=== Problem ===
Copy down the listing below exactly. Do not include pictures.

=== Dataset content ===
========================================

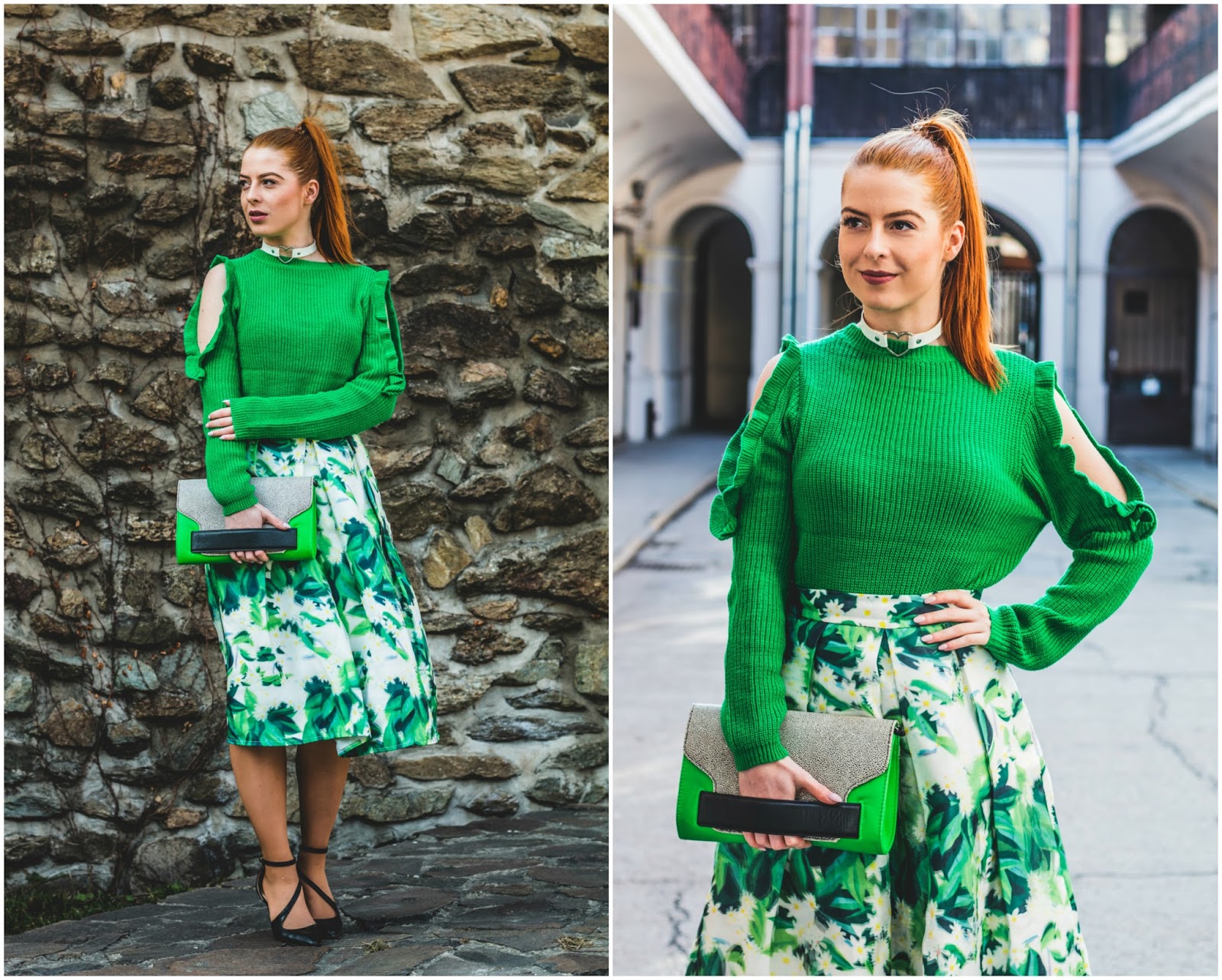 Nielen z týchto dôvodov dostala u mňa zelená zelenú. Dôležitým aspektom bol aj fakt, že tento odtieň sa mi veľmi páči v spojení s farbou mojich vlasov. Preto som k novému zelenému svetríku s odhalenými ramenami zvolila rozkvitnutú sukňu v midi dĺžke. Aby nebolo zelenej málo, pridala som aj kabelku v podobnom odtieni s čierno – bielymi detailmi. Z doplnkov som siahla po bielom srdiečkovom „obojku“ a čiernych lodičkách.
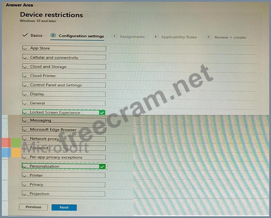 Which two settings should you configure in the Device restrictions configuration profile? To answer, select the appropriate settings in the answer area.
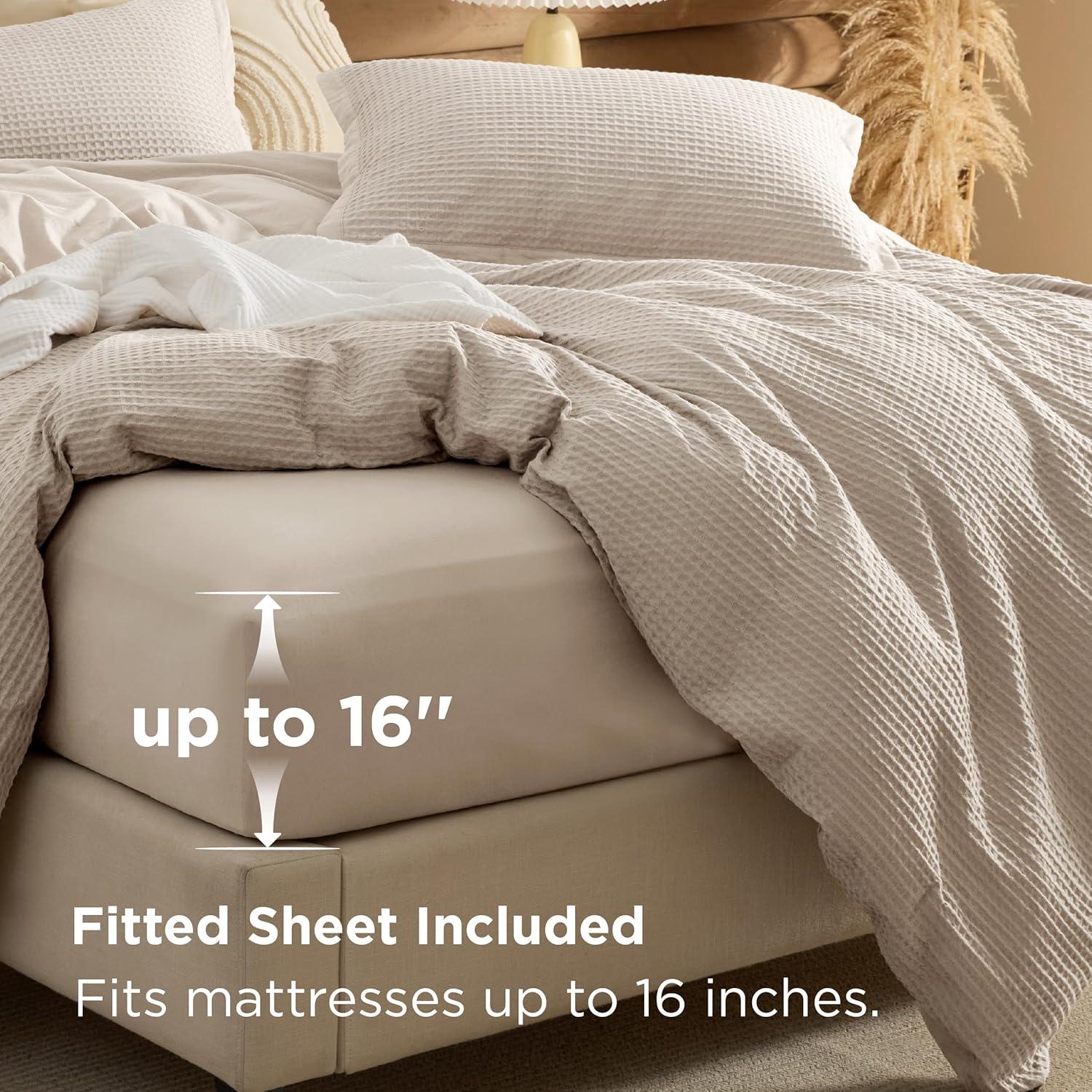 Bedsure 100% Cotton Duvet Cover Queen Size with Fitted Sheet – 4 Pieces Coconut White Waffle Weave Bedding Set, GentleSoft™ and Breathable, Includes 1 Duvet Cover 90×90, 1 Fitted Sheet, 2 Pillow Shams(04 – Linen (No Comforter))

========================================

=== Your solution ===
 Nielen z týchto dôvodov dostala u mňa zelená zelenú. Dôležitým aspektom bol aj fakt, že tento odtieň sa mi veľmi páči v spojení s farbou mojich vlasov. Preto som k novému zelenému svetríku s odhalenými ramenami zvolila rozkvitnutú sukňu v midi dĺžke. Aby nebolo zelenej málo, pridala som aj kabelku v podobnom odtieni s čierno – bielymi detailmi. Z doplnkov som siahla po bielom srdiečkovom „obojku“ a čiernych lodičkách.
 Which two settings should you configure in the Device restrictions configuration profile? To answer, select the appropriate settings in the answer area.
 Bedsure 100% Cotton Duvet Cover Queen Size with Fitted Sheet – 4 Pieces Coconut White Waffle Weave Bedding Set, GentleSoft™ and Breathable, Includes 1 Duvet Cover 90×90, 1 Fitted Sheet, 2 Pillow Shams(04 – Linen (No Comforter))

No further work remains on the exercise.